BEGIN DATA SUPPLIED
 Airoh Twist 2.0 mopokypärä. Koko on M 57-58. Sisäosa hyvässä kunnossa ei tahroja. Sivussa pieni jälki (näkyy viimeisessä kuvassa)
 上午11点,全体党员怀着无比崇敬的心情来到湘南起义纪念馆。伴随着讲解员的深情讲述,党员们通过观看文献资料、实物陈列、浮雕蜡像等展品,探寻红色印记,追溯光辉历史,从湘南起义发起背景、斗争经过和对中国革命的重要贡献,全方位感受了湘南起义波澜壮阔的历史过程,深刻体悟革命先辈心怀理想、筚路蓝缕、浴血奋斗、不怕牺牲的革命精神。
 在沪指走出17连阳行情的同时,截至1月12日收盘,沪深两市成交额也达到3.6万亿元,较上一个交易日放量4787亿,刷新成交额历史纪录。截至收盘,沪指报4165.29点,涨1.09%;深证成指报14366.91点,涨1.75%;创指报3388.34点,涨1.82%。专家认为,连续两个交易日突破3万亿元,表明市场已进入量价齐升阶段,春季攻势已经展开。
END DATA SUPPLIED
BEGIN DATA SUPPLIED
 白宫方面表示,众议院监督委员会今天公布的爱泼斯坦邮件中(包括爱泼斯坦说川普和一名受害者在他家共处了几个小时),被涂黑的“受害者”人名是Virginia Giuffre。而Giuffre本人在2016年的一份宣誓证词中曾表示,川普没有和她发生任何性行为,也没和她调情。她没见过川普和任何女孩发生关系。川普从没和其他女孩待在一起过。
END DATA SUPPLIED
> PROBLEM TO WORK ON
Retype, in the same exact form, the lines of the material above from the line holding "Airoh Twist 2.0" through the line holding "在沪指走出17连阳行情的同时".

> RESPONSE TO THIS EXERCISE
 Airoh Twist 2.0 mopokypärä. Koko on M 57-58. Sisäosa hyvässä kunnossa ei tahroja. Sivussa pieni jälki (näkyy viimeisessä kuvassa)
 上午11点,全体党员怀着无比崇敬的心情来到湘南起义纪念馆。伴随着讲解员的深情讲述,党员们通过观看文献资料、实物陈列、浮雕蜡像等展品,探寻红色印记,追溯光辉历史,从湘南起义发起背景、斗争经过和对中国革命的重要贡献,全方位感受了湘南起义波澜壮阔的历史过程,深刻体悟革命先辈心怀理想、筚路蓝缕、浴血奋斗、不怕牺牲的革命精神。
 在沪指走出17连阳行情的同时,截至1月12日收盘,沪深两市成交额也达到3.6万亿元,较上一个交易日放量4787亿,刷新成交额历史纪录。截至收盘,沪指报4165.29点,涨1.09%;深证成指报14366.91点,涨1.75%;创指报3388.34点,涨1.82%。专家认为,连续两个交易日突破3万亿元,表明市场已进入量价齐升阶段,春季攻势已经展开。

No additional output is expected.